Alert Classification Matrix
| Signal | Page (wake someone up) | Ticket (fix this week) | Dashboard (awareness) |
|---|---|---|---|
| Error rate > 10x SLO burn rate | Yes | -- | -- |
| Error rate > 3x SLO burn rate | -- | Yes | Yes |
| Latency p99 > 2x SLO | Depends on duration | Yes | Yes |
| Single pod crash | No | No | Yes |
| Deployment failed | No (auto-rollback) | Yes | Yes |
| Certificate expiring in 7 days | No | Yes | -- |
| Disk 90% full | -- | Yes | Yes |
| Disk 98% full | Yes | -- | -- |
Alert Fatigue: The Enemy of Observability
Alert fatigue occurs when on-call engineers receive so many alerts that they begin ignoring them. This is the single biggest risk to an observability-driven testing program.
Diagnosing Alert Fatigue
| Symptom | Indicates |
|---|---|
| >10 pages per on-call shift | Too many alerts, insufficient filtering |
| >50% of pages are "no action needed" | Too many false positives |
| Average acknowledgment time > 10 minutes | Engineers are ignoring alerts |
| Snooze rate > 30% | Alerts are not actionable |
Curing Alert Fatigue
- Audit every alert. For each alert, ask: "Did this require immediate human action?" If the answer is consistently "no," downgrade from page to ticket.
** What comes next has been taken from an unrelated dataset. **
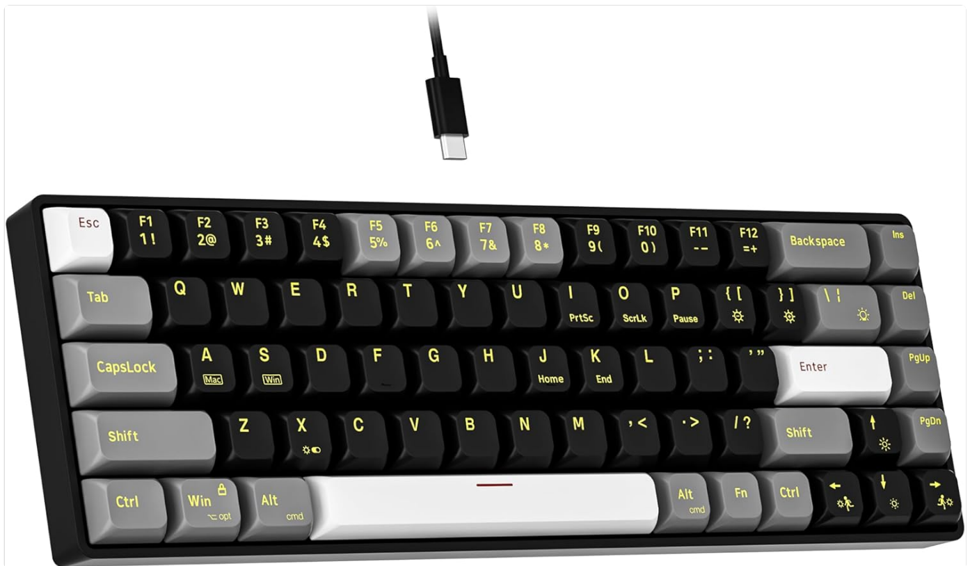
Image: The Newmen GM681 mechanical keyboard, showcasing its compact layout and the detachable USB-C cable.

The Newmen GM681 is a compact 60% (68-key) mechanical gaming keyboard designed for PC gamers and office work. It features a durable wired connection, customizable LED backlighting, and responsive Red mechanical switches. Its ergonomic design aims to reduce fatigue during extended use.

- Group correlated alerts. If a single incident triggers 15 alerts, create a meta-alert that groups them.
- Set maintenance windows. During deployments, suppress known transient alerts.
- Review monthly. Track alert-to-action ratio. Target >70% of pages resulting in meaningful action.
Metrics and alerting are the real-time nervous system of your production environment. Well-designed alerts catch problems before users notice; poorly designed alerts create noise that hides real problems.